G = pg.Matrix(rows=1, cols=len(startModel))
for i in range(3):
    G.setVal(0, i, 1)

c = pg.Vector(1, pg.sum(synthk))
inv.setParameterConstraints(G, c, 100)
model2 = inv.run(rhoa, error, lam=1000, startModel=startModel)
print(model2)
print(inv.chi2(), inv.relrms(), pg.sum(inv.model[:nlay-1]))

fop: <pygimli.physics.ves.vesModelling.VESModelling object at 0x7f40f9ca0220>
Data transformation: <pygimli.core._pygimli_.RTransLog object at 0x7f40f57636a0>
Model transformation (cumulative):
         0 <pygimli.core._pygimli_.RTransLogLU object at 0x7f40f4e06680>
         1 <pygimli.core._pygimli_.RTransLogLU object at 0x7f40f4ee9420>
min/max (data): 88.33/312
min/max (error): 3%/3%
min/max (start model): 8/140
--------------------------------------------------------------------------------
Jacobian MT:( 0 -- 7 ) / 7 ...
inv.iter 0 ... chi² =  190.10
--------------------------------------------------------------------------------
inv.iter 1 ... Jacobian MT:( 0 -- 7 ) / 7 ...
chi² =  167.58 (dPhi = 11.84%) lam: 1000.0
--------------------------------------------------------------------------------
inv.iter 2 ... Jacobian MT:( 0 -- 7 ) / 7 ...
chi² =  163.49 (dPhi = 2.44%) lam: 1000.0
--------------------------------------------------------------------------------
inv.iter 3 ... Jacobian MT:( 0 -- 7 ) / 7 ...
chi² =  145.41 (dPhi = 11.06%) lam: 1000.0
--------------------------------------------------------------------------------
inv.iter 4 ... Jacobian MT:( 0 -- 7 ) / 7 ...
chi² =   75.56 (dPhi = 48.03%) lam: 1000.0
--------------------------------------------------------------------------------
inv.iter 5 ... Jacobian MT:( 0 -- 7 ) / 7 ...
chi² =   42.94 (dPhi = 43.18%) lam: 1000.0
--------------------------------------------------------------------------------
inv.iter 6 ... Jacobian MT:( 0 -- 7 ) / 7 ...
chi² =   10.66 (dPhi = 75.17%) lam: 1000.0
--------------------------------------------------------------------------------
inv.iter 7 ... Jacobian MT:( 0 -- 7 ) / 7 ...
chi² =    1.14 (dPhi = 89.33%) lam: 1000.0
--------------------------------------------------------------------------------
inv.iter 8 ... Jacobian MT:( 0 -- 7 ) / 7 ...
chi² =    0.85 (dPhi = 25.19%) lam: 1000.0


################################################################################
#                  Abort criterion reached: chi² <= 1 (0.85)                   #
################################################################################
7 [0.4755776777228442, 3.7908826308108723, 5.737859354785321, 99.98585356290495, 462.2946464467531, 19.283180379893853, 775.9349467624263]
0.8513158854632327 2.7803159352775815 10.004319663319038

All three models are plotted together and are equivalently fitting the data.
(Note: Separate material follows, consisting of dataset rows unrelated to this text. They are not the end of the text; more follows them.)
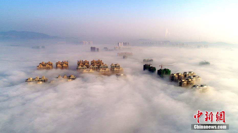 1月20日,湖北省荆门市城区出现平流雾景观,整个城市都笼罩在升腾的云雾之中,仅有高层建筑露出顶部,若隐若现,美轮美奂,宛如空中之城。平流雾是当暖湿空气平流到较冷的下垫面上,下部冷却而形成的雾,多发生在冬春时节,以北方沿海地区居多,能将城市中的建筑物“缠绕”其中,使身处地面的人们觉得如临仙境。 黄应武 摄
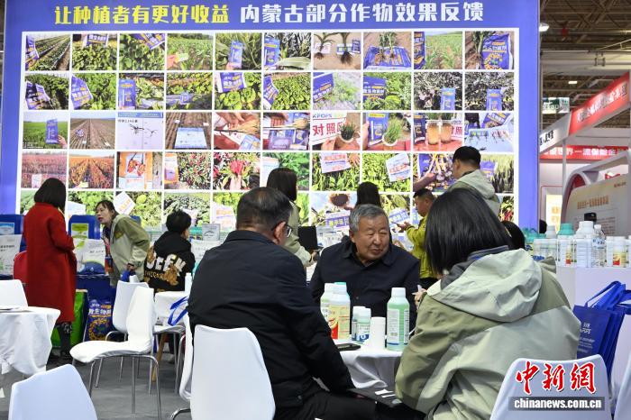 3月26日,内蒙古呼和浩特市,展商介绍玉米种子。中新社记者 刘文华摄
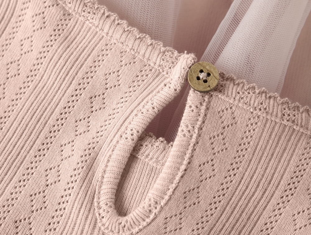 Kjole i lyserød nuance (peach whip) fra Lil' Atelier med hulmønster i overdel og let tylskørt.
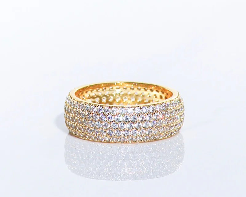 This elegant cigar-style ring is crafted from 14K gold vermeil and sterling silver and adorned with cubic zirconia. Its delicate beauty adds a unique touch to any look.
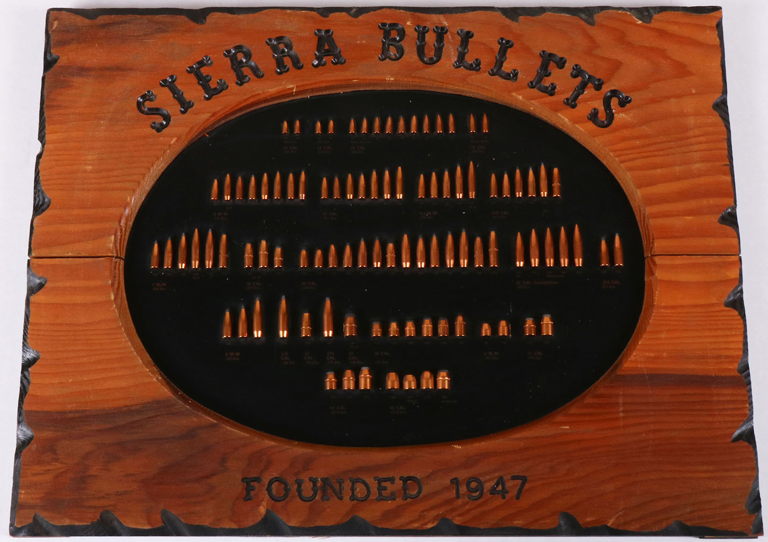 Sierra Bullet Board, Founded 1947, Early real wood outer wood base, All bullets intact. Grade: Excellent + - Value: 50 to 250
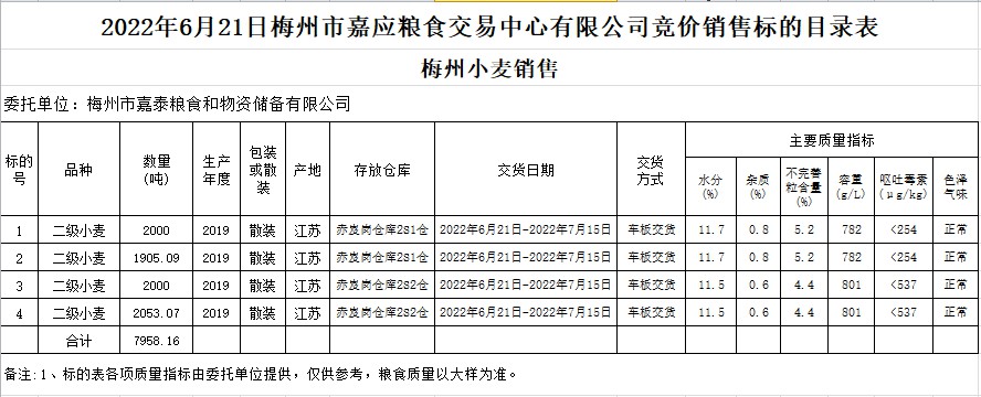 受客戶委托,梅州市嘉應糧食交易中心有限公司定于2022年6月21日(星期二)舉辦糧食競價交易會。梅州市嘉泰糧食和物資儲備有限公司擬銷售2019年小麥7958.16噸。
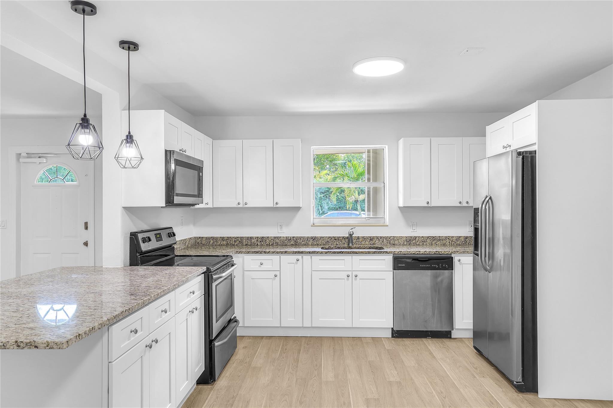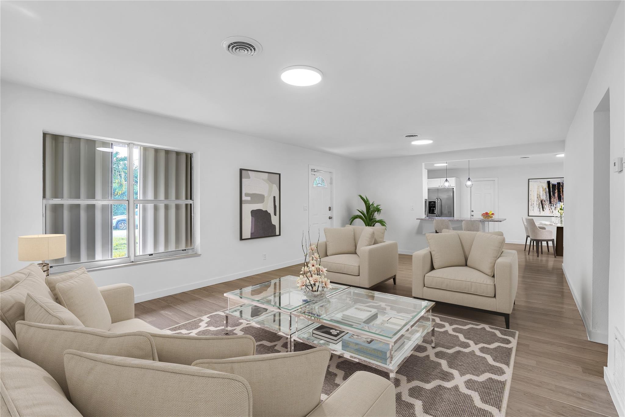 Great opportunity to own your own tropical paradise in Sunrise! Free form pool in a gorgeous fully fenced yard with mature trees. This beautiful 4 bedroom, 2 bath & 1 car garage home is fully renovated includes updated open kitchen with granite counter tops, stainless steel appliances, wood flooring, freshly painted, large living room, storm shutters, and much more! Some photos virtually staged photos.

Due to the additional constraints, the model is much closer to the synthetic.

fig, ax = pg.plt.subplots()
drawModel1D(ax, synthk, synres, plot="semilogx", label="synth")
drawModel1D(ax, model=model1, label="unconstrained")
drawModel1D(ax, model=model2, label="constrained")
ax.set_ylim(15, 0)
ax.grid(True)
ax.legend()

<matplotlib.legend.Legend object at 0x7f40f576b8e0>

References

Wagner, F.M., Mollaret, C., Günther, T., Kemna, A., Hauck, A. (2019):

Quantitative imaging of water, ice, and air in permafrost systems through petrophysical joint inversion of seismic refraction and electrical resistivity data. Geophys. J. Int. 219, 1866-1875. doi:10.1093/gji/ggz402.